*SUPPLIED INFORMATION*

╭──

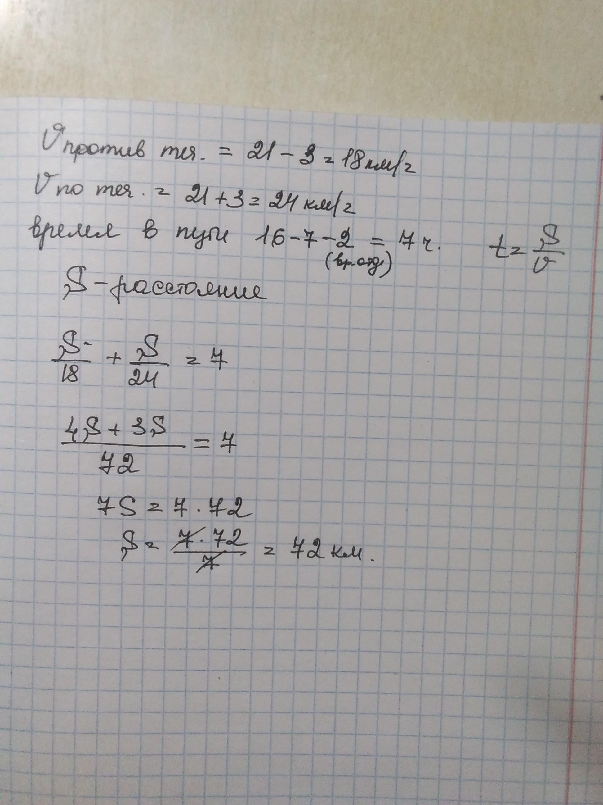 Экскурсионный катер отправился от причала А против течения реки в 7:00. Через некоторое время он высадил людей на причале Б, 2 часа стоял на перерыве и вернулся обратно к причалу А в 16:00. Найдите расстояние между причалами, если известно, что скорость течения реки 3 км/ч, а собственная скорость катера 21 км/ч.
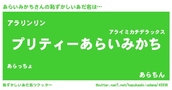 | 胡散臭い通販商品みたいなあだ名 | 『必ず成功する霊験あらたかなお札…その名も「あらいみかち」』 |
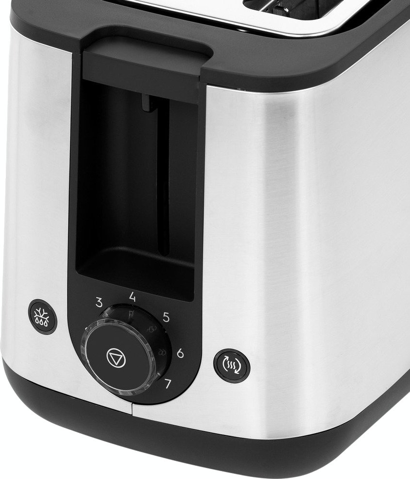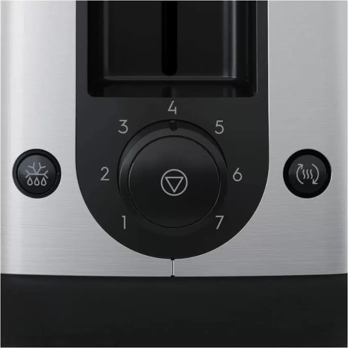 Стильный тостер Electrolux имеет компактный корпус на устойчивых ножках, благодаря которым не пошатывается, даже если хлеб выпрыгивает вверх в конце приготовления. Основной материал, из которого изготовлен прибор, — нержавеющая сталь. Его главный оттенок — серебристый/черный. Простое и понятное механическое управление позволяет быстро разобраться во всех функциях. Простое и понятное электронное управление позволяет быстро разобраться во всех функциях. На корпусе расположены кнопочные+поворотные переключатели для изменения настроек.

╰──

What is needed is a word-for-word copy of the lines from the start of the data to the line with "胡散臭い通販商品みたいなあだ名 | 『必ず成功する霊験あらたかなお札…その名も「あらいみかち」』 |", inclusive, with no pictures in it.

 Экскурсионный катер отправился от причала А против течения реки в 7:00. Через некоторое время он высадил людей на причале Б, 2 часа стоял на перерыве и вернулся обратно к причалу А в 16:00. Найдите расстояние между причалами, если известно, что скорость течения реки 3 км/ч, а собственная скорость катера 21 км/ч.
 | 胡散臭い通販商品みたいなあだ名 | 『必ず成功する霊験あらたかなお札…その名も「あらいみかち」』 |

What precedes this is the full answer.